Yesterday I met my best ol' ex-teaching buddy Mabel for lunch.
It has been a long time coming, this lunch. Mabel has been waiting for my RETIREMENT for three whole years! In fact, for the last two years, she sent me the remaining number of days I had left, every morning, on the countdown to The Forever Vacation. That's what Mabel calls it. Oh, we've had a couple of breakfast meetings when I could spare a day off. But not many. I had 96 sick days left, you know.
We met at a restaurant in Mabel's new neck of the woods. I had a delicious dish of two long pretzel rods and honey-mustard dipping sauce made with a burnt end. Not Val's end, mind you. It was delectable. I ate every crumb, and used a knife and fork. You can call my Mr. Pitt With a Snickers Bar if you like. As long as you don't call me late for lunch! Mabel had a fish sandwich and sweet potato fries. Okay. I had ONE fry. Because Mabel insisted. Let the record show that I did NOT have to loosen my belt.

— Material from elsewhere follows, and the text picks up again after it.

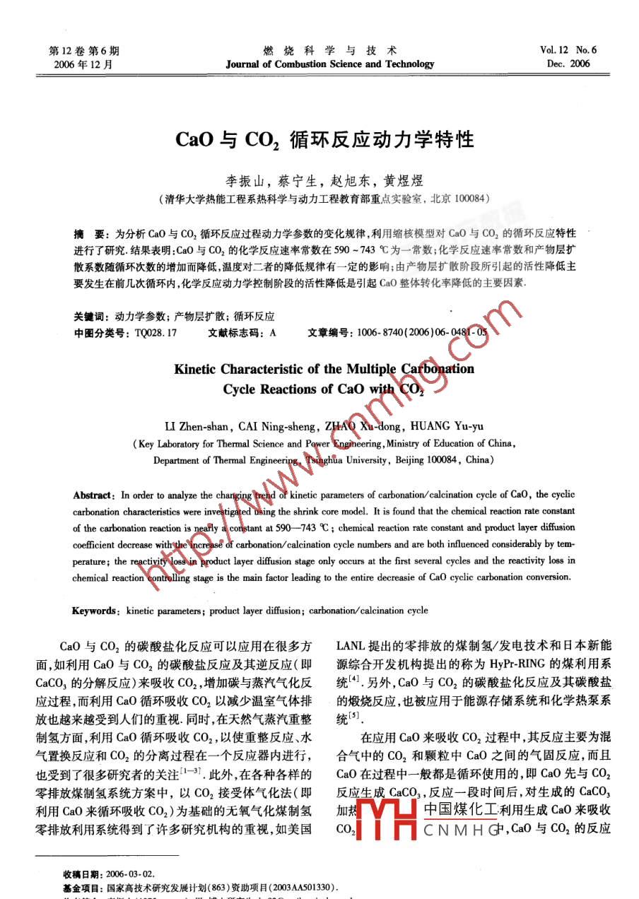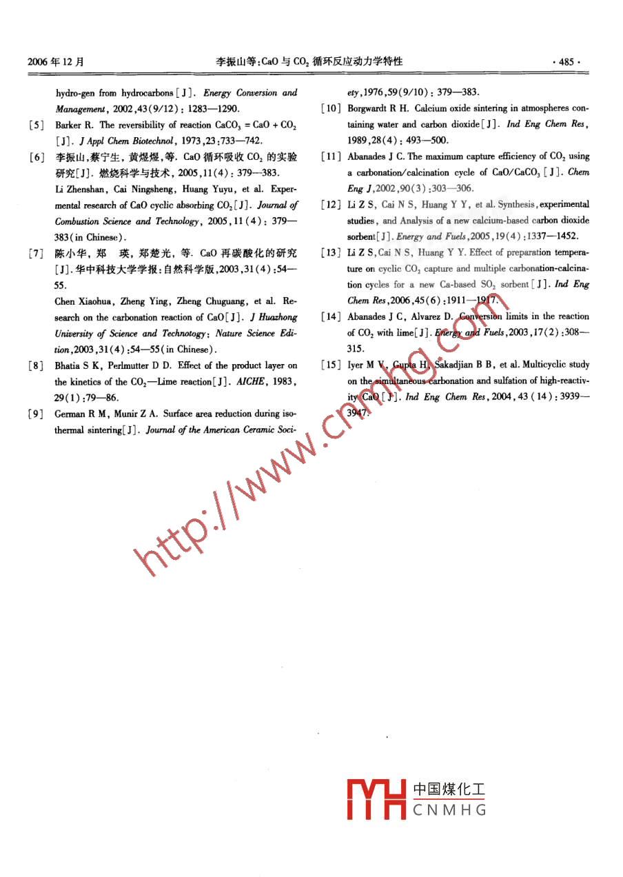 第12卷第6期燃燒科學與技術Vol 12 No 6006年12月Journal of Combustion Science and TechnologyCaO與CO2循環(huán)反應動力學特性李振山,蔡寧生,趙旭東,黃煜煜(清華大學熱能工程系熱科學與動力工程教育部重點實驗室,北京10004)摘要:為分析CaO與CO2循環(huán)反應過程動力學參數(shù)的變化規(guī)律,利用縮核模型對CaO與CO2的循環(huán)反應特性進行了研究結(jié)果表明:CaO與CO2的化學反應速率常數(shù)在590-743℃為一常數(shù);化學反應速率常數(shù)和產(chǎn)物層擴散系數(shù)隨循環(huán)次數(shù)的增加而降低,溫度對二者的降低規(guī)律有一定的影響;由產(chǎn)物層擴散階段所引起的活性降低主要發(fā)生在前幾次循環(huán)內(nèi),化學反應動力學控制階段的活性降低是引起CaO整體轉(zhuǎn)化率降低的主要因素關鍵詞:動力學參數(shù);產(chǎn)物層擴散;循環(huán)反應中圖分類號:TQ028.17文獻標志碼:A文章編號:1006-8740(2006)06-0481-05Kinetic Characteristic of the Multiple CarbonationCycle Reactions of Cao with CO2LI Zhen-shan, CAI Ning-sheng, ZHAO Xu-dong, HUANG Yu-yuKey Laboratory for Thermal Science and Power Engineering, Ministry of Education of ChinaDepartment of Thermal Engineering, Tsinghua University, Beijing 100084, China)Abstract: In order to analyze the changing trend of kinetic parameters of carbonation/ calcination cycle of CaO, the cyclicvestigated using the shrink core model. It is found that the chemical reaction rate constantof the carbonation reaction is nearly a constant at 590--743 C; chemical reaction rate constant and product layer diffusioncoefficient decrease with the increase of carbonation/ calcination cycle numbers and are both influenced considerably by tem-perature; the reactivity loss in product layer diffusion stage only occurs at the first several cycles and the reactivity loss inchemical reaction controlling stage is the main factor leading to the entire decrease of Cao cyclic carbonation conversionKeywords: kinetic parameters; product layer diffusion; carbonation/ calcination cycleCaO與CO2的碳酸鹽化反應可以應用在很多方LANL提出的零排放的煤制氫/發(fā)電技術和日本新能面,如利用CaO與CO2的碳酸鹽反應及其逆反應(即源綜合開發(fā)機構(gòu)提出的稱為 Hy Pr-RING的煤利用系CaCO3的分解反應)來吸收CO2,增加碳與蒸汽氣化反統(tǒng)4,另外,CaO與CO2的碳酸鹽化反應及其碳酸鹽應過程,而利用CaO循環(huán)吸收CO2以減少溫室氣體排的煅燒反應,也被應用于能源存儲系統(tǒng)和化學熱泵系放也越來越受到人們的重視同時,在天然氣蒸汽重整統(tǒng)制氫方面,利用CaO循環(huán)吸收CO2,以使重整反應、水在應用CaO來吸收CO2過程中,其反應主要為混氣置換反應和CO2的分離過程在一個反應器內(nèi)進行,合氣中的CO2和顆粒中CaO之間的氣固反應,而且也受到了很多研究者的關注13.此外,在各種各樣的CaO在過程中一般都是循環(huán)使用的,即CaO先與CO2零排放煤制氫系統(tǒng)方案中,以CO2接受體氣化法(即反應生成CaCO3,反應一段時間后,對生成的CaCO利用CaO來循環(huán)吸收CO2)為基礎的無氧氣化煤制氫加中國煤化工利用生成Ca0來吸收零排放利用系統(tǒng)得到了許多研究機構(gòu)的重視如美國Co2CNMHG,Ca0與CO2的反應收稿日期:200603-02基金項目:國家高技術研究發(fā)展計劃(863)資助項目(2003AA501330)雋者蘑山(93).男,博土研究生,① mails. tsinghua. edu.en482燃嬈科學與技術第12卷第6期動力學特性數(shù)據(jù)對于上述幾種應用過程而言是十分重1-(1-X)5=k·(ca2-c)t要的,動力學參數(shù)隨循環(huán)反應/煅燒次數(shù)的變化關系對3.566×10exp(-19680/7于相關過程的分析和后續(xù)的反應器設計都十分關鍵RT本文在前期CaO與CO2循環(huán)反應特性實驗研究6的當整個反應過程由產(chǎn)物層內(nèi)擴散速度控制時,反基礎上,主要考察循環(huán)次數(shù)對反應過程動力學參數(shù)的應方程為影響,為后續(xù)的研究和應用提供參考z-[z+(1-z)(1-x)實驗裝置和測量系統(tǒng)Dofr'(Cco, -.)(4)式中k為化學反應速率常數(shù),m3·s1·moll;co為1.1實驗系統(tǒng)介紹CO2反應氣體濃度,mol·m-3;c。為CO2平衡濃度,使用熱重分析儀 TA Instrument1200進行CaO與mol·m-3;t為反應時間,s;z為產(chǎn)物CaCO3與反應物O2反應實驗,TGA的升溫速率為50℃/min,當溫度達到設定溫度并穩(wěn)定后,開始通入含有CO2的氣體CaO的摩爾體積比,2.8;Dm為產(chǎn)物層擴散系數(shù),ms·m進行反應,恒溫反應時間為30min,然后停止通入含CO2的混合氣,通入N2,TCA以50℃/min的升溫速圖1為TGA實驗給出的樣品反應20min后的轉(zhuǎn)率升溫,待溫度穩(wěn)定在設定的煅燒溫度水平時,恒溫化率曲線.從圖中可以看出,CaO的碳酸鹽化過程首10min,然后TGA以50℃/mn的降溫速率降溫,待溫是反應速率非??斓幕瘜W反應控制階段,然后反應轉(zhuǎn)化率的增加速率明顯降低,最后變化趨勢趨于平緩度穩(wěn)定在設定的反應溫度水平時,開始通人含有CN物層擴散階段8.因此,如圖1所示,對化學的氣體進行反應,至此,完成一個循環(huán)樣品采用分析純CaO,粒徑為20~60Hm,CaO與CO2反應時間約30反應控制階段使用式(3)進行描述,而使用式(4)對產(chǎn)min,CaCO3煅燒溫度870℃,時間10min.CO2體積分物層擴散控制過程進行計算數(shù)分別為14%25%和35%1.2實驗數(shù)據(jù)的整理假定TGA原始曲線起始增重點處樣品質(zhì)量為m0,原始樣品的純度為P,假定雜質(zhì)不發(fā)生反應,且反應過程中雜質(zhì)的質(zhì)量不發(fā)生變化,反應進行到t時刻,樣品的質(zhì)量為m2,則固體反應物轉(
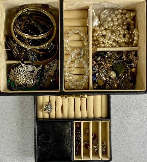 ASSORTED COSTUME JEWELLERY, including bangles, brooches, and rings, contained in a black jewellery box with lift out compartmentProvenance: private collection Cheshire

We had a wonderful reminiscing/current-gossip session. The waitress was not TOO obvious about asking us if we needed anything every 10 minutes or so, in order to shame us into leaving. C'mon! We were only there two-and-a-half hours! And they did NOT need the table.
Mabel picked up the tab AND left the tip! PLUS, she gave me a retirement card. She's my FBF, you know. My forever best friend. AND she tucked some scratch-off tickets inside! That Mabel knows what makes me tick. Besides, it's hard to wrap gas station chicken and 44 oz Diet Coke.
Which brings me to our leave-taking...Mabel hopped in T-Hoe and directed me to her new house. The house that her Forever Vacation built. I did not take the inside tour, with time running short and Mabel wanting some loose ends tied up first. I gifted her with the latest anthology containing my works, and some of my World Famous Chex Mix. Then I took her back to her vehicle, which was getting the side-eye from a troupe of three waitresses towing trash dumpsters. After allowing Mabel a non-Christmas, non-birthday hug (you don't know what toll this takes on Val, the unhuggable), I headed across the overpass to the Love Station.
You heard me! The LOVE STATION. Mabel had warned me about the outflow from the Love Station before I set out on my three-and-a-half hour tour. As you might imagine, I texted back, LOVE station? Before you start thinking Mabel is some hoity-toity madam at a roadside bordello, let the record show that the Love Station is a truck stop. So...I figured I could drop in and pick up a 44 oz Diet Coke on my 30-minute ride back home, to avoid going another 10 minutes into town and then back again to the homestead.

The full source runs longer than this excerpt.